**Available data**:
-- -- --

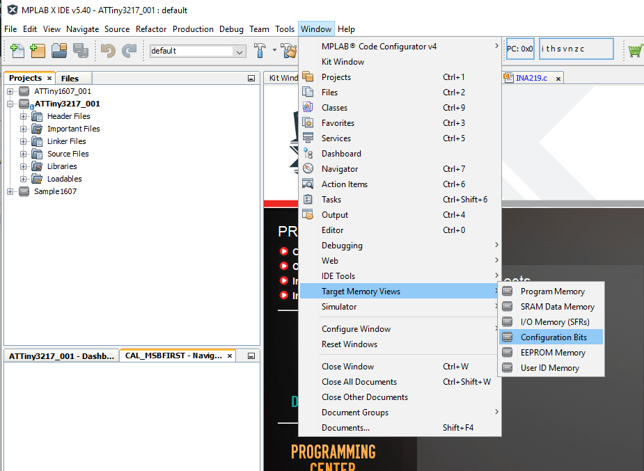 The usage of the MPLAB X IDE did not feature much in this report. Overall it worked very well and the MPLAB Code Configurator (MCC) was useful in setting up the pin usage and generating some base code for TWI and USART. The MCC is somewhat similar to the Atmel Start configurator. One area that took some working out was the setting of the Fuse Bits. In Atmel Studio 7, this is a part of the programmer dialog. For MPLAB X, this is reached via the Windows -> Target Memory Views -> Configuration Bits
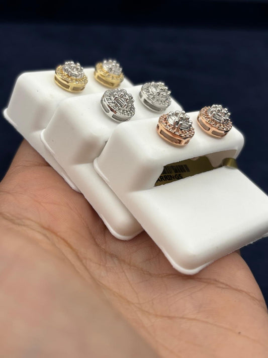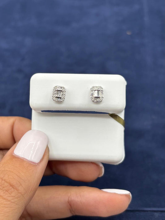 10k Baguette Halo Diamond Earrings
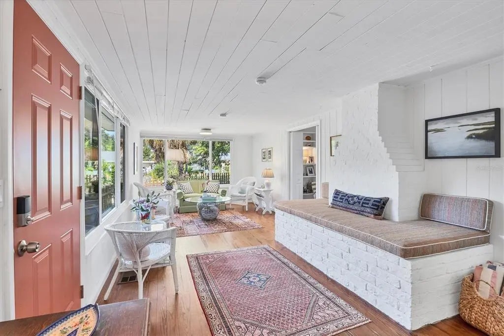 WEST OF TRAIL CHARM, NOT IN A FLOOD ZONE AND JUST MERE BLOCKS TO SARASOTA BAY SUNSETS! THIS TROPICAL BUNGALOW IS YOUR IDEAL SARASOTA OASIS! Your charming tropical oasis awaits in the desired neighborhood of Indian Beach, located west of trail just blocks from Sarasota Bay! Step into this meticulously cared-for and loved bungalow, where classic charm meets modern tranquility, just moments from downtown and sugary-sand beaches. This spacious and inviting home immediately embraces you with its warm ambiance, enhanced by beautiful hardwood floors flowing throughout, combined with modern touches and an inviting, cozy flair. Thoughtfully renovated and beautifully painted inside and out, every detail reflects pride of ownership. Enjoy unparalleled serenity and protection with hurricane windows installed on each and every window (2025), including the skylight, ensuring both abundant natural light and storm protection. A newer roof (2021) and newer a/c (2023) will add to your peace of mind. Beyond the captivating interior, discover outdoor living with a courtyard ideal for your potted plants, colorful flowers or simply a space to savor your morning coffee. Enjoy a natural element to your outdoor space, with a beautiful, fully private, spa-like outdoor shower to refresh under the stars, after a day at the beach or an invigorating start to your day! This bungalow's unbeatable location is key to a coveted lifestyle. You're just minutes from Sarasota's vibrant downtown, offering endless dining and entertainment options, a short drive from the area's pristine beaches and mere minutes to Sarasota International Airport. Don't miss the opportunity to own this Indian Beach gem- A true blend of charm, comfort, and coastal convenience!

-- -- --

**What to produce**: Would you please repeat the lines above exactly, from the first line of the listing through the line holding "10k Baguette Halo Diamond Earrings", with nothing added and no pictures?

**Task response**:
 The usage of the MPLAB X IDE did not feature much in this report. Overall it worked very well and the MPLAB Code Configurator (MCC) was useful in setting up the pin usage and generating some base code for TWI and USART. The MCC is somewhat similar to the Atmel Start configurator. One area that took some working out was the setting of the Fuse Bits. In Atmel Studio 7, this is a part of the programmer dialog. For MPLAB X, this is reached via the Windows -> Target Memory Views -> Configuration Bits
 10k Baguette Halo Diamond Earrings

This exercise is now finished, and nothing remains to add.